Wzrost cen surowca drzewnego z Lasów Państwowych sprzedawanego na aukcjach systemowych w tym roku zaskoczył branżę drzewną i meblarską. Ceny sosny na portalu e-drewno wzrosły w czerwcu względem poprzedniego miesiąca o 27,2 proc., osiągając poziom do 496 zł/m sześc. W skali całego roku różnica jest dużo bardziej zauważalna. W lipcu 2020 r. ceny tego typu drewna wynosiły 217 zł/m sześc.
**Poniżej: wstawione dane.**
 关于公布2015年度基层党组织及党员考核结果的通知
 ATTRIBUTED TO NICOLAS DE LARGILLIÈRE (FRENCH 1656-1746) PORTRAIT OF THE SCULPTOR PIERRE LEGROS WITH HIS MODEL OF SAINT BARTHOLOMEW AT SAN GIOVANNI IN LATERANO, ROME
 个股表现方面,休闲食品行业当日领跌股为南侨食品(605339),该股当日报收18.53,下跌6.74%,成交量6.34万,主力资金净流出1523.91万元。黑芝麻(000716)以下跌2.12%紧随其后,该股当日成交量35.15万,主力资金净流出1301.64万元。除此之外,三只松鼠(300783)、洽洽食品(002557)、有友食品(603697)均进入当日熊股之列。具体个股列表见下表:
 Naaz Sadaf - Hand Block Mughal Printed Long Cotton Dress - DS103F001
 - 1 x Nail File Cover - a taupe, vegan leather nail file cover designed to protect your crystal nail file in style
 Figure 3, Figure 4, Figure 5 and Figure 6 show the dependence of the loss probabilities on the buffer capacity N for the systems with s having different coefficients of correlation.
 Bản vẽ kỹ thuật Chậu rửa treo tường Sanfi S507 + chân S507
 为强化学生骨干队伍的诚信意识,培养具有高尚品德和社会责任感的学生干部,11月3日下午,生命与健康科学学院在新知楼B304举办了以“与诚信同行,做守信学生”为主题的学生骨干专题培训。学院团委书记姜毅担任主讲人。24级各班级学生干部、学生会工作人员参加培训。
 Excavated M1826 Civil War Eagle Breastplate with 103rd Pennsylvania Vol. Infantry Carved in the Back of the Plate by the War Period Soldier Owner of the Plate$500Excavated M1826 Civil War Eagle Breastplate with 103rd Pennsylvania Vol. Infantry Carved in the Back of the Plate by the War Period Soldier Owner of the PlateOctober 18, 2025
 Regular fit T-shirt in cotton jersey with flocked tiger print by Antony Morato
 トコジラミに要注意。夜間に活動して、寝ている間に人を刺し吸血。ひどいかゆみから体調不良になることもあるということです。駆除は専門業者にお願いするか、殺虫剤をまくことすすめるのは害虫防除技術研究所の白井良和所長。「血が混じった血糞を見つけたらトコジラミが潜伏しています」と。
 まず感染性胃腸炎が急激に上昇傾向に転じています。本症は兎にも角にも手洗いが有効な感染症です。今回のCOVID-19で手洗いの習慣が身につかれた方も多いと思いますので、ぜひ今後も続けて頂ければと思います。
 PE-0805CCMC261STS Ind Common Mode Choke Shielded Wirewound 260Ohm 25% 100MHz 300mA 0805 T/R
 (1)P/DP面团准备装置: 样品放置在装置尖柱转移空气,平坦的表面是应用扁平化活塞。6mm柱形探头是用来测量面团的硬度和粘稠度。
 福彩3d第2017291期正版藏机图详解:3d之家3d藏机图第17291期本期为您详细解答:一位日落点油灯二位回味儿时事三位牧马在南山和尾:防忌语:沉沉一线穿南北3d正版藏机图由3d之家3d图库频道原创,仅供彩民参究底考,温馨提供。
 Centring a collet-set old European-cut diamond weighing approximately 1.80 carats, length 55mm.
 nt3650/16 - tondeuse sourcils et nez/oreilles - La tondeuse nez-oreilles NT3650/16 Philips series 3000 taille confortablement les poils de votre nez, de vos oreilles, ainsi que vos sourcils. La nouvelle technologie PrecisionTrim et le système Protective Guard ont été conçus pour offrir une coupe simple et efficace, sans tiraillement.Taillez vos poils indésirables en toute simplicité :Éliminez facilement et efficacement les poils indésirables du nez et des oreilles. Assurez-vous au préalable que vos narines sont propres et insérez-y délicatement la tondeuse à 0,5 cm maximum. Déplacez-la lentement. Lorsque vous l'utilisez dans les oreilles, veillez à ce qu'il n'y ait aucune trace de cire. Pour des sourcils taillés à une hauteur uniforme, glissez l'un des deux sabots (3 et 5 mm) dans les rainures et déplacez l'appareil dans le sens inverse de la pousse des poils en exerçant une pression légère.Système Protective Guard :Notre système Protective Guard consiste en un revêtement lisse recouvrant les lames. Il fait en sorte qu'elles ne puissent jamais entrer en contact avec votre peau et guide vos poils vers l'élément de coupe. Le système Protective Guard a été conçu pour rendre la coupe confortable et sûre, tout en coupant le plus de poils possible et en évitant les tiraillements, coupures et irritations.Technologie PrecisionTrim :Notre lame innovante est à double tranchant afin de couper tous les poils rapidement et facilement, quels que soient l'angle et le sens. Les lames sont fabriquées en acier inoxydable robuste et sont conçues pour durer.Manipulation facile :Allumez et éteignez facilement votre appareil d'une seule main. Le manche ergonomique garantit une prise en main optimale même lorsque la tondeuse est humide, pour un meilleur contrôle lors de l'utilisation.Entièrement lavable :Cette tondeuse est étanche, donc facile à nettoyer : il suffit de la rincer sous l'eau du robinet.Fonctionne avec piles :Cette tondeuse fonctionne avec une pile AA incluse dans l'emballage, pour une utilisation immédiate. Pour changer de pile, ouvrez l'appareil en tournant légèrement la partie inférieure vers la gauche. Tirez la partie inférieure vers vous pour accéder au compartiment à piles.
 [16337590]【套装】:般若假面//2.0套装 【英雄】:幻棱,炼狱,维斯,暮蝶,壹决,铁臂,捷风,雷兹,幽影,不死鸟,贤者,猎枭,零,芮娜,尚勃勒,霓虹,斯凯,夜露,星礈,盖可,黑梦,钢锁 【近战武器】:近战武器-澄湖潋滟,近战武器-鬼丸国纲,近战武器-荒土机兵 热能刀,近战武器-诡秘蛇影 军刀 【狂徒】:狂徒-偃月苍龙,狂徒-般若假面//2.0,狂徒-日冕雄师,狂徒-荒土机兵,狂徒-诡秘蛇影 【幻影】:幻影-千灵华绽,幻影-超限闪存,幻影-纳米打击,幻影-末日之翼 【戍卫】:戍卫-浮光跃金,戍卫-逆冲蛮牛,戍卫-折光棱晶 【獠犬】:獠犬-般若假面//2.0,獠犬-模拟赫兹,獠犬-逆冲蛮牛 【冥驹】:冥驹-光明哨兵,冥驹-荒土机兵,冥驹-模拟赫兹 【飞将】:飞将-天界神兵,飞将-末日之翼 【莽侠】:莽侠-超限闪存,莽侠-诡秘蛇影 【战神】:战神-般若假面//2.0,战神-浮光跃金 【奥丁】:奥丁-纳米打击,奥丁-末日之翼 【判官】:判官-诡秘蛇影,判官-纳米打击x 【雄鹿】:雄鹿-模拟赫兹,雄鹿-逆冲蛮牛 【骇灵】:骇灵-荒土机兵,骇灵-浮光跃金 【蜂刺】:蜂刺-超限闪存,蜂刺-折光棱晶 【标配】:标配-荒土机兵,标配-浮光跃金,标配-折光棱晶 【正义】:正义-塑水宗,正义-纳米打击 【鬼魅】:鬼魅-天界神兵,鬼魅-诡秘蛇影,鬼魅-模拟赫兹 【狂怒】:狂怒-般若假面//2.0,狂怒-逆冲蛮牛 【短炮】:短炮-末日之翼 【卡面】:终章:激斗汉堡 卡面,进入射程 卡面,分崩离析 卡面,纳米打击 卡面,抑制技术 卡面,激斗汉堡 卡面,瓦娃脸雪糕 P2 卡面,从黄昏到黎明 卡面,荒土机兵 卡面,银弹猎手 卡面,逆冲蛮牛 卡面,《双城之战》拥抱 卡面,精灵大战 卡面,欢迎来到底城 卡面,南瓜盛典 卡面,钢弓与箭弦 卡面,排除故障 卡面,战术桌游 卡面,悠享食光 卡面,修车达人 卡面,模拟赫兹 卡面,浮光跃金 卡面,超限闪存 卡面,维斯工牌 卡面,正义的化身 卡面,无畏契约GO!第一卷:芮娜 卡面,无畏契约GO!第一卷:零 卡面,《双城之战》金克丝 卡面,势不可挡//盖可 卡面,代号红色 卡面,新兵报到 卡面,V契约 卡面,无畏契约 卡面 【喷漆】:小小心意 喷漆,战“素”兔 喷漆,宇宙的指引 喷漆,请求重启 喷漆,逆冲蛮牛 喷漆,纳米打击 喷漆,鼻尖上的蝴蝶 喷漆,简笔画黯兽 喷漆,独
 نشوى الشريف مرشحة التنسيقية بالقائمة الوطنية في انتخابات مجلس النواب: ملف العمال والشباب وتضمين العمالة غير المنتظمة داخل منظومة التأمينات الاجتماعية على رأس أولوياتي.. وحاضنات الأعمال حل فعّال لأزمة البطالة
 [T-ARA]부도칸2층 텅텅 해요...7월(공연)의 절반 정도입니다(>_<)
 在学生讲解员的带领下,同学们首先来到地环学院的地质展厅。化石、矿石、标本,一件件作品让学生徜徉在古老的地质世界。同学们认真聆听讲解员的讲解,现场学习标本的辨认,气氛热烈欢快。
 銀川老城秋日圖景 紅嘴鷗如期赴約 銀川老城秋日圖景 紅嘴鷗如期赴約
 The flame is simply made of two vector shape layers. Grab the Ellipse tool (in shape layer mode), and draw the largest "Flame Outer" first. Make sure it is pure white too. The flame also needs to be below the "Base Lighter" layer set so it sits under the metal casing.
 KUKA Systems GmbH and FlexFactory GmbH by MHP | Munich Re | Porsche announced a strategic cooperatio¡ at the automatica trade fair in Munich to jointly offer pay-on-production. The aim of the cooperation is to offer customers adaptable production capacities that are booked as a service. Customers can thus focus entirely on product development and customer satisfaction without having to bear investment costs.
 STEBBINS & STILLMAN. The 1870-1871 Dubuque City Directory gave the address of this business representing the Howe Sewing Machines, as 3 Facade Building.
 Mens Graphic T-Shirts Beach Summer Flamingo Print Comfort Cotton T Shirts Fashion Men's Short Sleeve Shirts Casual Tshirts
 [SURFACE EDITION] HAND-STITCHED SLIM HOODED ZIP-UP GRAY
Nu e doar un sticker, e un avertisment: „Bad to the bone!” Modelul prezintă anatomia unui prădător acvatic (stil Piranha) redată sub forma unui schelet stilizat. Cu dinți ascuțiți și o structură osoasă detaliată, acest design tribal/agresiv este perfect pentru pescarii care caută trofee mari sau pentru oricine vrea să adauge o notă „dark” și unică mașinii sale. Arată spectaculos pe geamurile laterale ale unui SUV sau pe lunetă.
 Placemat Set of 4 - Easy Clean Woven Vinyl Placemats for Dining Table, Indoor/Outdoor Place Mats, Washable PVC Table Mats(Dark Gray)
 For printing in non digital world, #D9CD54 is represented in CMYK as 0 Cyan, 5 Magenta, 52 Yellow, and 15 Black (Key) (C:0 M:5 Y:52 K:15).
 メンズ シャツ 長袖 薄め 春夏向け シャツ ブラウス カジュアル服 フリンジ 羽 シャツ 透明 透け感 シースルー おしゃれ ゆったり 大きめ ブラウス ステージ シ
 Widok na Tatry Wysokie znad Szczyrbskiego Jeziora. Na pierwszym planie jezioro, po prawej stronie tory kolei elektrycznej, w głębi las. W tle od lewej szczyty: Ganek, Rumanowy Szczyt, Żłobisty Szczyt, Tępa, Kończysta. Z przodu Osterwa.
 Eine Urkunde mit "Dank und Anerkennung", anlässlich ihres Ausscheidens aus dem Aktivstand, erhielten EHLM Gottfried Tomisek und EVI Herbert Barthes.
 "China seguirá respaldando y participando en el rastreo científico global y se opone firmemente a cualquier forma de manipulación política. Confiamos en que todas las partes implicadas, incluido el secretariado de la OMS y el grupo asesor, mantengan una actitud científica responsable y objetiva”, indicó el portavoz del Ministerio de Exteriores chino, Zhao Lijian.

Według analityków sosna ma największy udział w zakupach przedsiębiorstw, choć większość firm już zabezpieczyła swoje potrzeby na ten rok.
Koszty wytworzenia rosną
– Wzrosty cen drewna, które widzimy, dotyczą niewielu transakcji na portalu e-drewno. Lasy Państwowe w 80 proc. sprzedają surowiec w umowach rocznych i w 2021 roku ceny wzrosły o ok. 4 proc. rok do roku. Jaki będzie poziom cen w 2022 roku, ciężko powiedzieć, ale z pewnością należy oczekiwać wzrostu – wskazuje Krystian Brymora, dyrektor wydziału analiz DM BDM.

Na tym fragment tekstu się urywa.